GRAY MATTERS: How Socialism Really Works
Saturday, 18 September 2010
Pulitzer Prize-winning journalist Saul Friedman (bio) writes the weekly Gray Matters column which appears here each Saturday. Links to past Gray Matters columns can be found here. Saul's Reflections column, in which he comments on news, politics and social issues from his perspective as one of the younger members of the greatest generation, also appears at Time Goes By twice each month.
There is at least one organization that won’t label President Obama a “marxist” or “socialist,” and it ought to know. I speak of the Democratic Socialists of America, a tiny group of less than 6,000 members that is rather benign and wholly within the American mainstream compared, say, to the extreme radicalism of the raucous anti-government Tea Parties.
The DSA was founded in 1982 by the late Michael Harrington who won fame in the Sixties for his book The Other America,” a passionate expose of rural and urban poverty that shocked the nation and brought about Lyndon Johnson’s war on poverty.
Harrington’s DSA co-founder was Barbara Ehrenreich, a prolific journalist whose books, Nickeled and Dimed and Bait And Switch, chronicled the business practices that have victimized low-paid workers and consumers. Unlike the far right Republicans and Tea Baggers, Harrington and Ehrenreich were (and are) people of talent and accomplishment and, as far as I know, they have not sought the overthrow of the government or the destruction of a president.
In fact, if you visit their web site, you will see how close to the American ideals these socialists are.
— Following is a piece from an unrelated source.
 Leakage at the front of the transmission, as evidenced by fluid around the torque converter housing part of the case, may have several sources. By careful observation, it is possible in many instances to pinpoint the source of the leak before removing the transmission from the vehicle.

They call themselves the Democratic Left and they have nothing in common with the centralized communist regimes of the former Soviet Union, Eastern Europe, North Korea and China.
It is true that Harrington embraced the theories of Karl Marx who held that unfettered capitalism would fail because the rich would get richer and the rest would be exploited by corporate excess. But those were also the views of Adam Smith and John Maynard Keynes, both of whom were in favor of government intervention to tame capitalism.
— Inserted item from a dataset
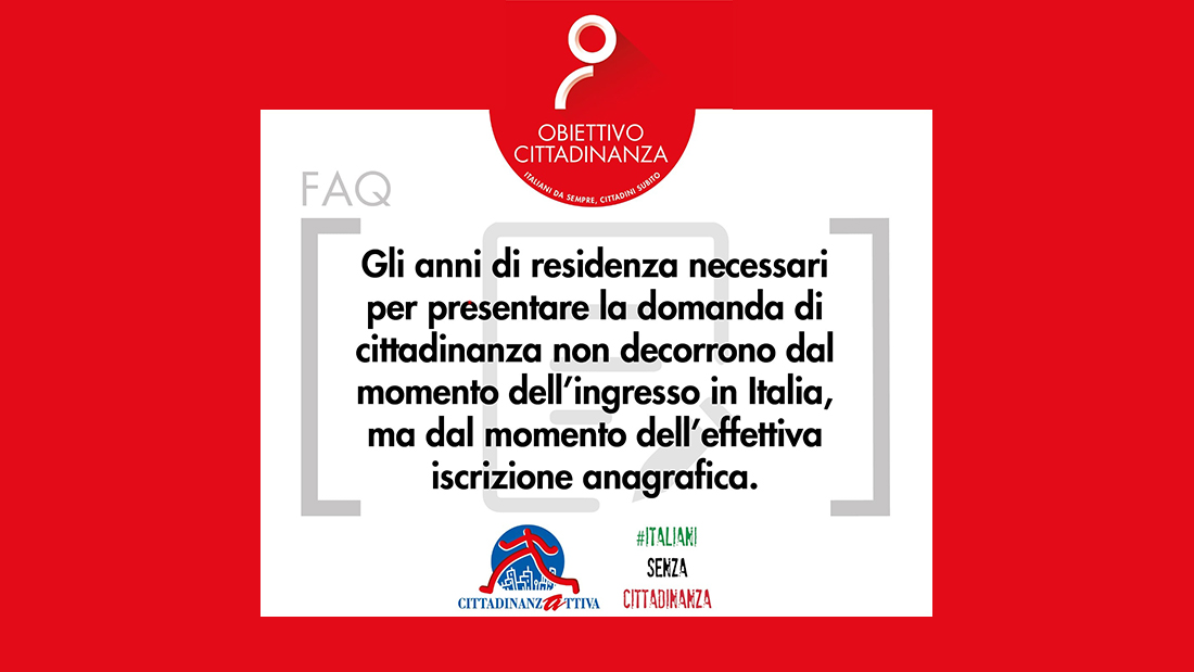 Uno dei redditi annuali è inferiore al limite di legge, posso chiedere la cittadinanza lo stesso? Sono arrivato in Italia: da quando posso presentare la domanda di cittadinanza, a partire dal mio ingresso o dall’iscrizione anagrafica? Queste e tante altre, le faq pubblicate sulla pagina della campagna Obiettivo Cittadinanza per fornire informazioni utili a chi intende presentare la domanda di cittadinanza o conoscere modalità e requisiti di accesso. Per saperne di più e rimanere sempre aggiornato visita il sito www.obiettivocittadinanza.it e la nostra pagina FB

True to our Democratic values, the DSA does not call not for government ownership of private business, but for tempering the excesses of the unregulated, free-wheeling market economies with Social Democratic reforms such as health care, social insurance and public education like those in most of Europe, Japan and other enlightened countries.
As the DSA web site says,
“In the short term we can’t eliminate private corporations, but we can bring them under greater democratic control. The government could use regulations and tax incentives to encourage companies to act in the public interest and outlaw destructive activities such as exporting jobs to low-wage countries and our environment.”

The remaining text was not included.